Assignment:
The data below should be restated word for word, pictures omitted.

Data extract:
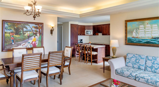 Suites feature ocean views and include a fully equipped kitchen highlighted by stainless-steel appliances like a refrigerator and microwave, coffee and tea. Bedrooms are well-appointed with plush beds featuring luxe linens, and spacious bathrooms include granite countertops and bath products. Two-bedroom suites start at 1,400 square feet and have two-and-a-half or three bathrooms and include butler service. Rollaway beds are available for an additional charge.
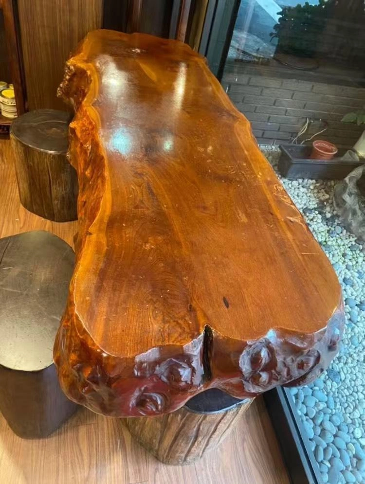 白楊木刻。原木已受歲月與白蟻部分侵蝕,但也巧妙的化為自然的紋理圖飾,正可以呼應人生體會。名曰「禮敬」
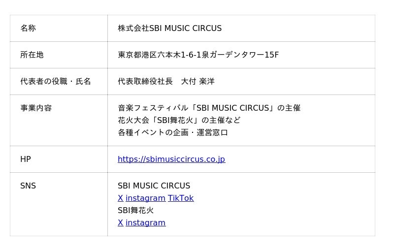 株式会社SBI MUSIC CIRCUS株式会社SBI MUSIC CIRCUSは、音楽の力と文化産業を融合させ、その地域と訪問者の双方に魅力的なコミュニティを提供します。

Exercise answer:
 Suites feature ocean views and include a fully equipped kitchen highlighted by stainless-steel appliances like a refrigerator and microwave, coffee and tea. Bedrooms are well-appointed with plush beds featuring luxe linens, and spacious bathrooms include granite countertops and bath products. Two-bedroom suites start at 1,400 square feet and have two-and-a-half or three bathrooms and include butler service. Rollaway beds are available for an additional charge.
 白楊木刻。原木已受歲月與白蟻部分侵蝕,但也巧妙的化為自然的紋理圖飾,正可以呼應人生體會。名曰「禮敬」
 株式会社SBI MUSIC CIRCUS株式会社SBI MUSIC CIRCUSは、音楽の力と文化産業を融合させ、その地域と訪問者の双方に魅力的なコミュニティを提供します。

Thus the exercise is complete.